Bildungseinrichtungen haben auf den unterschiedlichen Ebenen ihre Verantwortung wahrzunehmen, um junge Menschen gut auf die – ungewisse – Zukunft vorzubereiten. Neben der Schaffung der notwendigen Strukturen geht es um reflektierte Denk- und Arbeitsweisen, die Lust darauf machen, kollaborativ Lösungen für Probleme zu entwickeln und Herausforderungen verantwortungsvoll zu begegnen. Nicht zuletzt geht es auch darum, die Ergebnisoffenheit des Prozesses als Übergangsphase anzunehmen, nicht nur hinsichtlich künftiger Transformation der Gesellschaft, sondern vor allem auch hinsichtlich der Frage(n), wie wirksame Bildungsprozesse für eine nachhaltige Entwicklung aussehen sollen und können.

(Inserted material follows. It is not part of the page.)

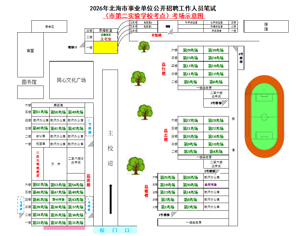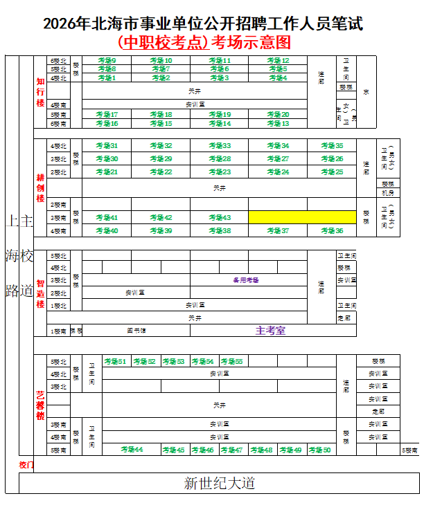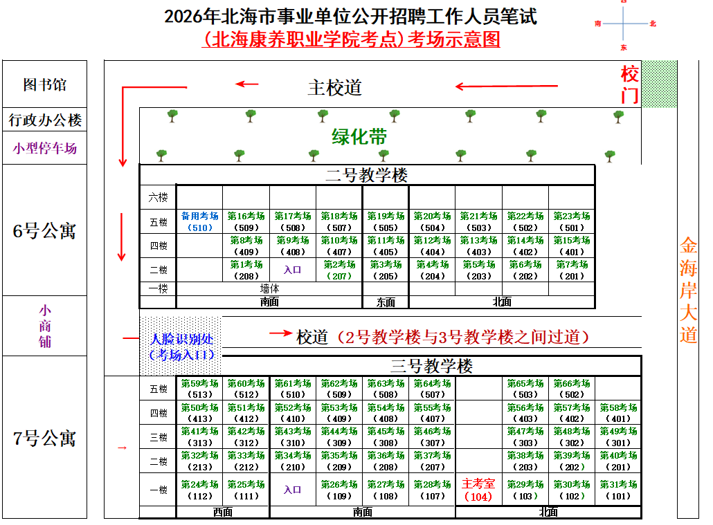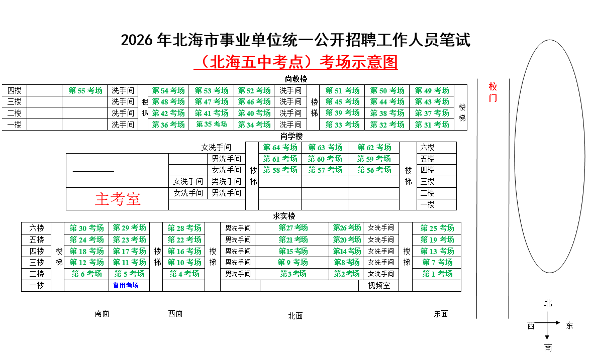 (一)3月28日進(jìn)行綜合管理類(A類)考試,北海市共設(shè)一個(gè)考點(diǎn),考點(diǎn)考場(chǎng)布置為: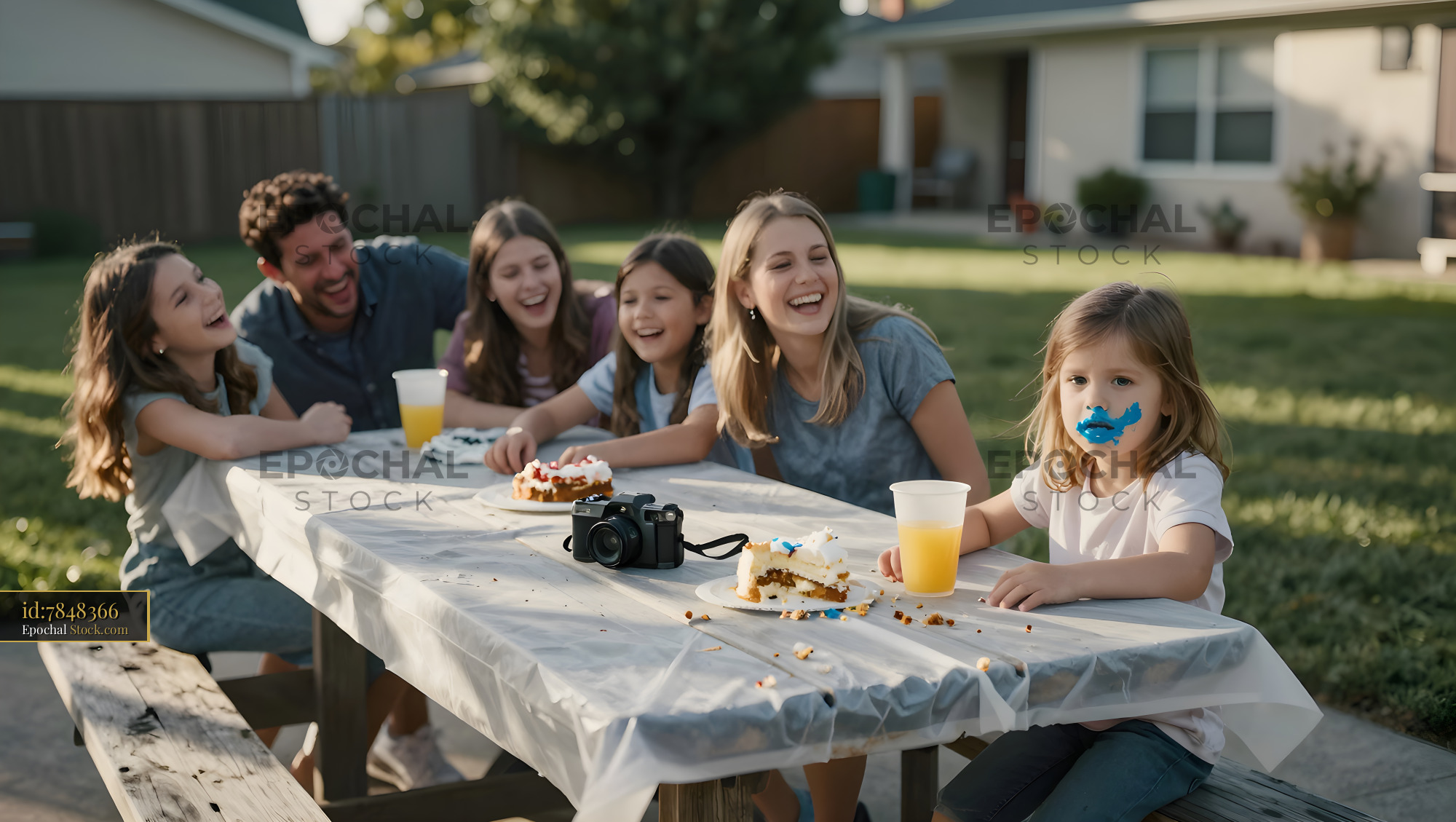 A group of friends sits around a table enjoying cake and drinks in a backyard. Laughter fills the air as they share fun moments together. One child has blue frosting on her face.

  • Welche theoretischen und praktischen Ansätze können den konstruktiven Umgang mit der Ergebnisoffenheit und Unsicherheit in Anliegen der Bildung für nachhaltige Entwicklung unterstützen?
  • Welche theoretischen Überlegungen und empirischen Erkenntnisse fördern die Überbrückung der Lücke zwischen Wissen, Bewusstsein und Handeln?
  • Wie gelingen Partizipation, Kollaboration und Kommunikation?
  • Welchen Einfluss haben die Menschen im System (Schulleitung, Lehrpersonen, KindergartenpädagogInnen, Eltern, peers, ...)?
  • Welche Chancen und Herausforderungen bei der breitenwirksamen Verankerung von Bildung für nachhaltige Entwicklung auf allen Ebenen („whole system approach“, Organisationsentwicklung, Schulentwicklung, LehrerInnenaus-,-fort- und -weiterbildung, Unterrichtsentwicklung, Projektunterricht, Fachunterricht etc.) lassen sich erkennen? Welche erfolgversprechenden Modelle zeichnen sich ab?
  • Was sind die notwendigen Haltungen, Denk- und Arbeitsweisen und welchen Beitrag kann formale Bildung konkret zu deren Entwicklung leisten?
  • Welchen fachspezifischen Beitrag können einzelne Schulfächer zur Mitgestaltung einer nachhaltigen Entwicklung leisten?
  • Welchen Beitrag kann die Elementarpädagogik zur Mitgestaltung einer nachhaltigen Entwicklung leisten?
  • Wie kann emanzipatorische Bildung für nachhaltige Entwicklung, die auf Handlungsorientierung und Teilhabe fokussiert, aus diversen fachdidaktischen Perspektiven heraus begründet werden?
  • Wie kann systemisches, kritisches, reflexives Denken im Fachunterricht und fächerübergreifenden Unterricht unterstützt werden?
  • Welche zentralen Bildungs- und Lehraufgaben ergeben sich aus den Herausforderungen des globalen Wandels und welche Inhalte und Methoden lassen sich damit verbinden, um Lernanlässe zu gestalten, die die Herausforderungen konstruktiv aufgreifen und Beiträge zu einer nachhaltigen Entwicklung ermöglichen (good practice-Beispiele, internationale Entwicklungen)?

In unserem Jahresband 2019 sollen möglichst vielfältige Perspektiven und Optionen für die weitere Entwicklung aufgezeigt und diskutiert werden.

Wir laden Wissenschaftler_innen und Praktiker_innen ein,

bis 1. November 2018

Abstracts (ca. 1/2 Seite) für Beiträge zum Jahresband an transfer@ph-tirol.ac.at zu senden.

Bitte beachten Sie die Vorgaben für die Beitragsformate!

Weiterer Ablauf:

  • fachliche Begutachtung der Abstracts, auf dieser Grundlage dann Einladung zur Beitragseinreichung: Anfang Dezember 2018
  • Deadline Einreichung Beiträge: 31. Jänner 2019
  • fachliche Begutachtung der Beiträge und allgemeines Lektorat, dann korrigierte Manuskripte an die Autor_innen retour: Ende April 2019
  • Einarbeitung unserer Korrekturen durch die Autor_innen bis Mitte Juni 2019.

transfer 5 erscheint im Dezember 2019.